Jonathan Lucroy (C, Texas Rangers) – I present to you: The amazing disappearing top-tier catcher! Cool hand Lucroy and his ice-cold bat must be a method actor playing the role of Francisco Cervelli, because his 2.9% Barrel/BBE is just above Joe Panik and below Ryan Goins. I believe he must be playing hurt, since he’s also morphed from one of the best pitch-framing catchers to the absolute worst this year, and his exit velocity of 85.6 mph (88.9 mph on FB/LD) is such a far cry from his marks last year. I’d try to trade him if you can get someone to bite at the name value, but you’d be better off with an Avila, Chirinos, hell, maybe even Steven Vogt.

Joey Gallo (1b/3b, Texas Rangers) – On a home run per at-bat basis, he’s among the best in the league. But with Beltre back and Napoli showing a hot bat, those At-Bats are drying up. Over the past week, he’s only had 10 At-Bats, and he’s struck out in 7 of them. And over the past 3 weeks, he’s hit just .150, and the 4 Homers he’s hit over that span is not enough to justify holding him in shallow leagues, especially batting average leagues. While I’d hold in 15-team OBP and deeper formats, his current 32.8% ownership rate in ESPN is too damn high. If you need to make a cut, send Joey to the Gallos.

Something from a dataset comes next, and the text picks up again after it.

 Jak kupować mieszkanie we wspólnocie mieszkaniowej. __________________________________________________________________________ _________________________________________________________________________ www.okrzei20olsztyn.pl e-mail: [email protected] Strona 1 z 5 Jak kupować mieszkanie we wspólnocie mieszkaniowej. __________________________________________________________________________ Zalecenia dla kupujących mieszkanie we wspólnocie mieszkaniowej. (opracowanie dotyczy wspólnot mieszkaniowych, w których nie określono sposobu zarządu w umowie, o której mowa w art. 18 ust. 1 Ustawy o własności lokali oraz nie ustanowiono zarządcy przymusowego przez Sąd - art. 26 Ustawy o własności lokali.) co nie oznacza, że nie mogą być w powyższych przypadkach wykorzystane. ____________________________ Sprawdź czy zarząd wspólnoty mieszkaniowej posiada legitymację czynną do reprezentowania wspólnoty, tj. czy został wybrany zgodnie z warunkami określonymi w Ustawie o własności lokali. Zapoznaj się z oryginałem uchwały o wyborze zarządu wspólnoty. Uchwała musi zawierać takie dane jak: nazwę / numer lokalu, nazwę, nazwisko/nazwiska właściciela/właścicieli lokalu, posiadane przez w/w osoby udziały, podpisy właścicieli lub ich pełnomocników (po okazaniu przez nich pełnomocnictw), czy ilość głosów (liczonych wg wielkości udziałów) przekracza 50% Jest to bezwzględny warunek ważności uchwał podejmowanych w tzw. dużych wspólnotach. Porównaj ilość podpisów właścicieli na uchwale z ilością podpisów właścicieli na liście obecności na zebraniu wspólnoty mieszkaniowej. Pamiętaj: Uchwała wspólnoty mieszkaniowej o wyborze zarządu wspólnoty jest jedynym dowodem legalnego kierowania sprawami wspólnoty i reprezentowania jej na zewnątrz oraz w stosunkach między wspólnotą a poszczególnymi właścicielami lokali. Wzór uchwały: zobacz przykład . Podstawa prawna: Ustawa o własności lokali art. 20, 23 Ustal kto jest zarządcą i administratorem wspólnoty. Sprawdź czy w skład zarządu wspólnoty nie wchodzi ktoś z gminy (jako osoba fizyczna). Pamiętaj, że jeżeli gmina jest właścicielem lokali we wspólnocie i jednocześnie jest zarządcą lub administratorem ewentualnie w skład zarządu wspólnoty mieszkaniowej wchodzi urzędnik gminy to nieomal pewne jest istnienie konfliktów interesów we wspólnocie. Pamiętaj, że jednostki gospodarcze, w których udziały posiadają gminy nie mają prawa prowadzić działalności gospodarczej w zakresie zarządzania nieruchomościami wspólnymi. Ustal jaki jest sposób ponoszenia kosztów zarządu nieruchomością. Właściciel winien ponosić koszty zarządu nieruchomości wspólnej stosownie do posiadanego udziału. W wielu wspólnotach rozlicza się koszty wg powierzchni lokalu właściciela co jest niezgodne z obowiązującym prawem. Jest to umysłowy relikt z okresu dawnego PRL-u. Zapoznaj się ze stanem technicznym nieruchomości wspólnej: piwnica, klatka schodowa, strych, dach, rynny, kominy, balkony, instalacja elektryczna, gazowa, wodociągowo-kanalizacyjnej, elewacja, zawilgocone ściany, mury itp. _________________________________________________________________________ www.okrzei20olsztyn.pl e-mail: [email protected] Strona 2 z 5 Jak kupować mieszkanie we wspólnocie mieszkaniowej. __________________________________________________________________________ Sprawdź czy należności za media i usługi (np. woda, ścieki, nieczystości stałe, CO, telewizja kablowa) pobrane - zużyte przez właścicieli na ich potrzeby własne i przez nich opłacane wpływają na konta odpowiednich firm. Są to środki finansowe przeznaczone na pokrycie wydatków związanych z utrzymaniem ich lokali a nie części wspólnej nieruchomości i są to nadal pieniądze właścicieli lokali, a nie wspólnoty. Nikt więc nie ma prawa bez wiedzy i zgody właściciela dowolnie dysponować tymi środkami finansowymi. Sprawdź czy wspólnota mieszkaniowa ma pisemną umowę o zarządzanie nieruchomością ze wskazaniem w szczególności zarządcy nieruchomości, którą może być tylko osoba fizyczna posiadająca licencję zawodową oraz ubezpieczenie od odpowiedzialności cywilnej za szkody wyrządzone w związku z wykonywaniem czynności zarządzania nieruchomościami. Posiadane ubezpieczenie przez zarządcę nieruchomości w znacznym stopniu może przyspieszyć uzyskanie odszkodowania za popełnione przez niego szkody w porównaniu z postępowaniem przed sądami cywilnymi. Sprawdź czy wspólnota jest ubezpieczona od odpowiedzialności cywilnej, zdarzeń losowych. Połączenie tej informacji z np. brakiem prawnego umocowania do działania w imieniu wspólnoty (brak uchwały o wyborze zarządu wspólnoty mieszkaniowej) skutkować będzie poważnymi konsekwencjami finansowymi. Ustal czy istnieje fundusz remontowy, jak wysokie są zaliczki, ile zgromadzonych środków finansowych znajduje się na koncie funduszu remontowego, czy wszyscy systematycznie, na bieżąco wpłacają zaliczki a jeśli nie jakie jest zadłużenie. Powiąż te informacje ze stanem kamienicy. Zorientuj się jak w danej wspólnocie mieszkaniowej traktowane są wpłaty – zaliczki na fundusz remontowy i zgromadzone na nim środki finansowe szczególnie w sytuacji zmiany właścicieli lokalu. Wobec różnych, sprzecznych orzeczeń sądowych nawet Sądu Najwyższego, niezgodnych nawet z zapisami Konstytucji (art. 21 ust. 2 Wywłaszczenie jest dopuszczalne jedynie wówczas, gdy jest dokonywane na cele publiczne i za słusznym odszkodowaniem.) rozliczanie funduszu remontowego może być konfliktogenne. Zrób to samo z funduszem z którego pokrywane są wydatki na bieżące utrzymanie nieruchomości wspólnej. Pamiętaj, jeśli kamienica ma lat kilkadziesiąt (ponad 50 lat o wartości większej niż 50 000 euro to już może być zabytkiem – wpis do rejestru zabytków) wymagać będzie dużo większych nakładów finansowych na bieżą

Mike Zunino (C, Seattle Mariners) – Oh look what we have here… a major league promotion leading to a massive surge followed by a horrendous slump. Doesn’t this seem familiar. While it’s encouraging that he found his power stroke, the reality is that this year he actually struck out MORE during his big hot streak, where at least last year his run came with temporarily improved plate discipline. Yeah, even at catcher, a 39% K% isn’t going to fly. He still may hit for some pop the rest of the way, but considering it will likely come with a sub-.220 Average (poor OBP as well), you can do better in 12-team mixed formats. Drop him like the American mass market dropped the Zune.

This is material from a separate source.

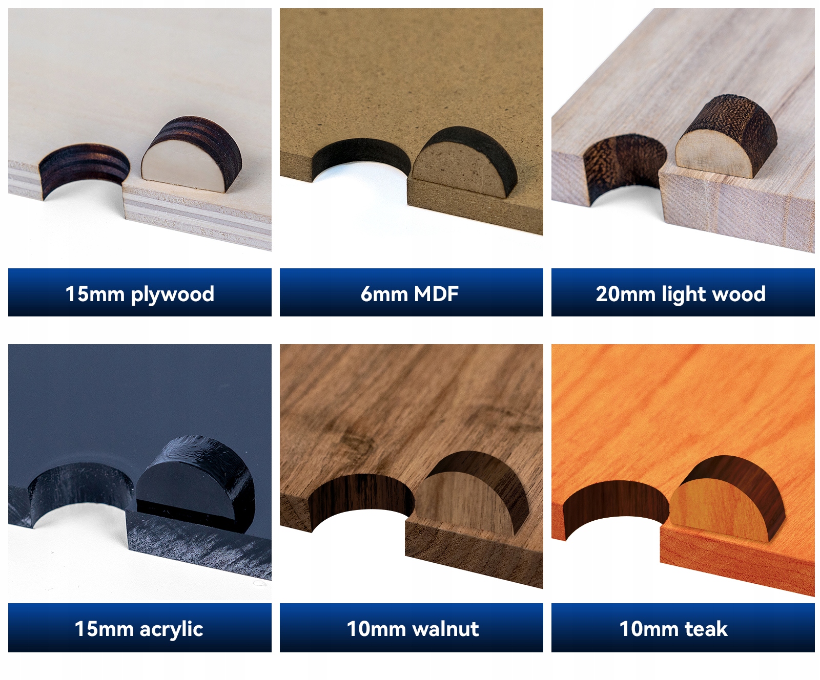 В сочетании с расширенной, быстрой пневматической поддержкой и большей плотностью лазера 10 Вт, S10 показывает сопоставимую эффективность резки промышленного класса древесины: во -первых, резкая способность значительно улучшается, а скорость резания выше; Во -вторых, проникновение резки является сильнее и может сократить многие виды древесины с высокой плотностью.

Matt Davidson (3B, Chicago White Sox) – He hits homers, we get it. He also does everything other than hitting homers really, really badly. While he has an elite Barrel/BBE of 18.9%, it’s clear hitting homers is all he’s trying to do, as he has a downright unacceptable 40.9% K rate. And unlike other mashers like Joey Gallo, he’s not really even Three True Outcomes, as he only walks 5.3% of the time. It took a prolonged slump for many owners to wise up, but yeah, he shouldn’t be owned even in 15-team mixed leagues, unless you play in a league where neither batting average or OBP is a category. That must be a weird league.

Ben Pernick

I've been writing for Pitcher List since the beginning, and have been a fantasy baseball addict now for 20 years. I grew up as a Red Sox fan in New York, but now I declare allegiance only to my fantasy teams.

4 responses to “Buy & Sell 7/5: Identifying Who to Add and Who to Drop”

  1. Benivan Stanciano says:

    if Trumbo is available, is he worth a waiver claim? Right now my RF is manned by Schebler.

    • Between those two, I think you gotta stick with the Big Schebloozie. They could hypothetically hit for similar power ROS, but I think Schebler will continue to hit for more power, and has some SB potential as well.

  2. Kenneth says:

    Would you rather have Avila or Realmuto? 12 Team OBP

  3. Fletch47 says:

    Who would you rather own: Aaron Altherr or Domingo Santana?